__TASK OBJECTIVE__. Apart from the pictures, every line below is to be set down exactly.

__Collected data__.
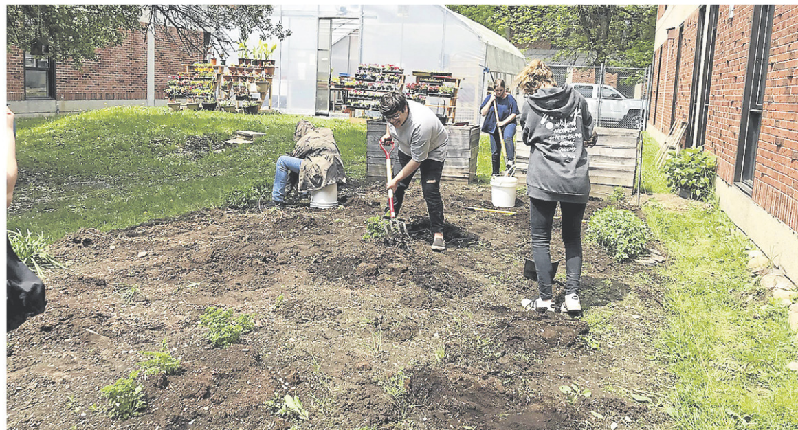
Les élèves en adaptation scolaire à l'école secondaire Massey-Vanier adorent jardiner et pourront bientôt profiter d'une nouvelle formation. — VAL-DES-CERFS

ils seront notre main-d'œuvre de demain. Ils sont plus manuels qu'intellectuels. On essaie de développer ces qualités-là pour les axer vers le marché du travail. On allume une lumière au jeune qui ne sait pas ce qu'il va faire dans la vie. »
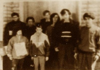
2. ФЕРМЬ • 31 очко
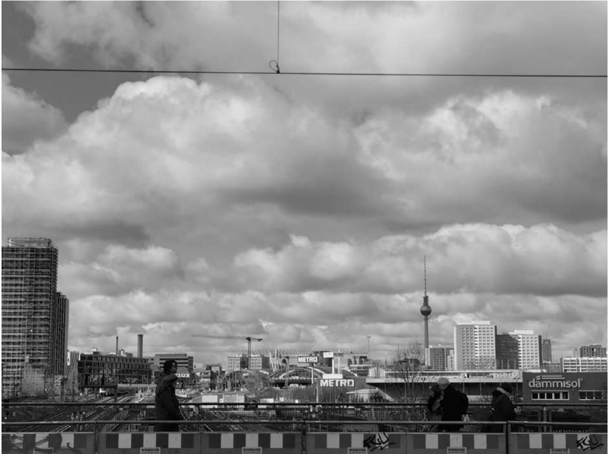
Contorno urbano de Berlín desde el RAW
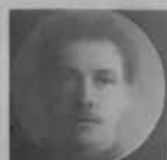
23 Cases. Royal Engineers, 12 Officers, 11 Privates
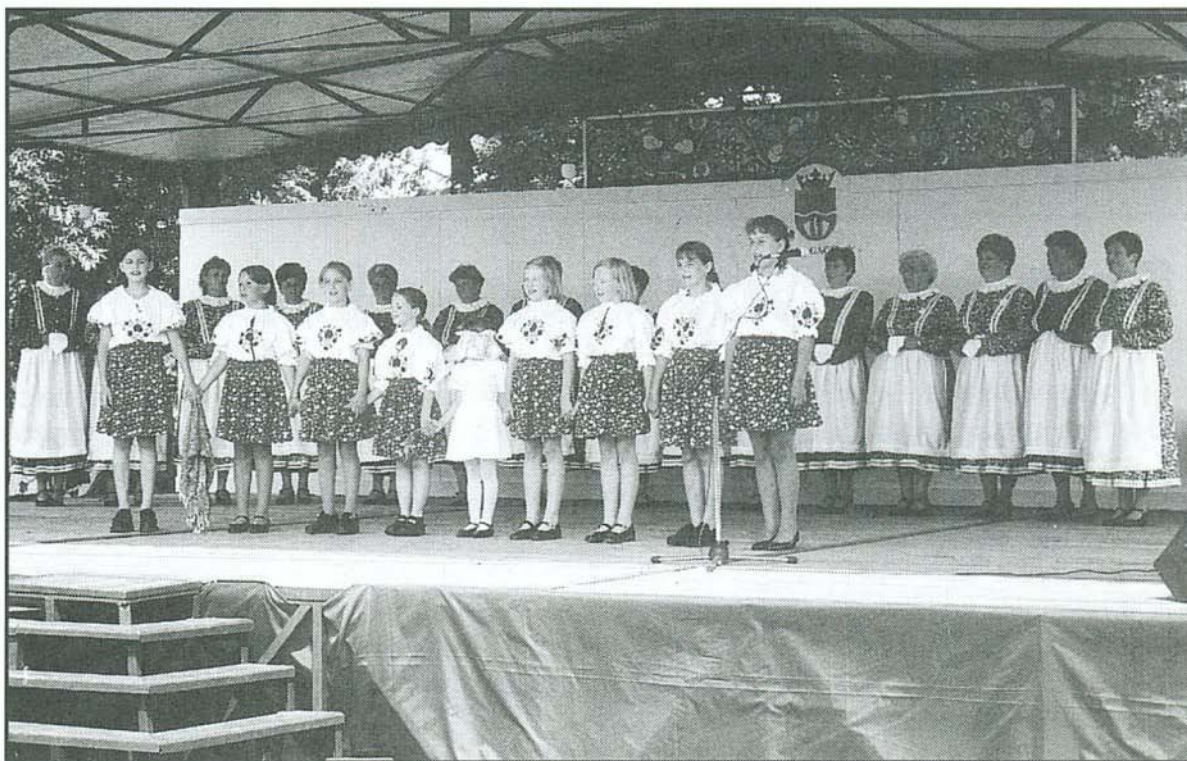
Színpadon a komorói lány- és asszonykórus

Egyeki Népdalkör, Gesztelyi Népdalkör, Megyasói Népdalkör, Tállai Kővi-
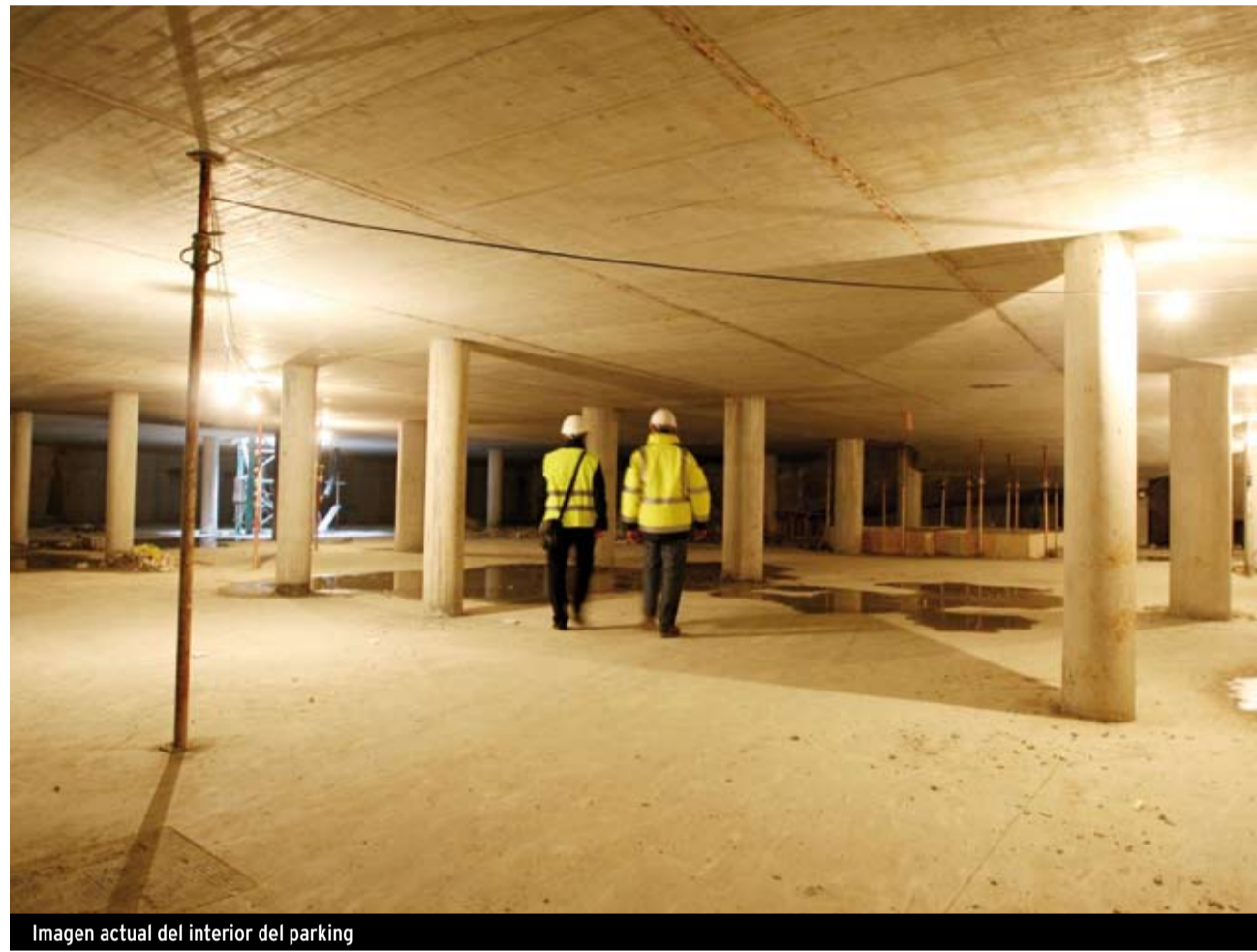
Imagen actual del interior del parking

En los próximos meses se darán a conocer las condiciones administrativas y procedimiento para la concesión de las plazas de aparcamiento de las que se informará puntualmente a los vecinos y vecinas de Getxo residentes en el área de influencia que se defina.
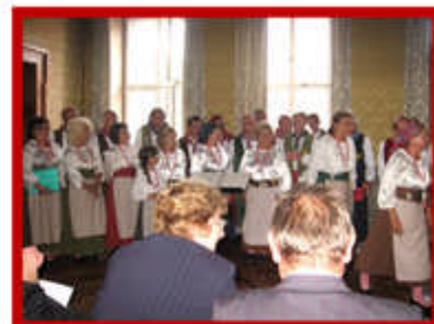
Concerto nella Storica Sala Comunale - fine primo tempo

__EXERCISE RESULT__.
Les élèves en adaptation scolaire à l'école secondaire Massey-Vanier adorent jardiner et pourront bientôt profiter d'une nouvelle formation. — VAL-DES-CERFS

ils seront notre main-d'œuvre de demain. Ils sont plus manuels qu'intellectuels. On essaie de développer ces qualités-là pour les axer vers le marché du travail. On allume une lumière au jeune qui ne sait pas ce qu'il va faire dans la vie. »
2. ФЕРМЬ • 31 очко
Contorno urbano de Berlín desde el RAW
23 Cases. Royal Engineers, 12 Officers, 11 Privates
Színpadon a komorói lány- és asszonykórus

Egyeki Népdalkör, Gesztelyi Népdalkör, Megyasói Népdalkör, Tállai Kővi-
Imagen actual del interior del parking

En los próximos meses se darán a conocer las condiciones administrativas y procedimiento para la concesión de las plazas de aparcamiento de las que se informará puntualmente a los vecinos y vecinas de Getxo residentes en el área de influencia que se defina.
Concerto nella Storica Sala Comunale - fine primo tempo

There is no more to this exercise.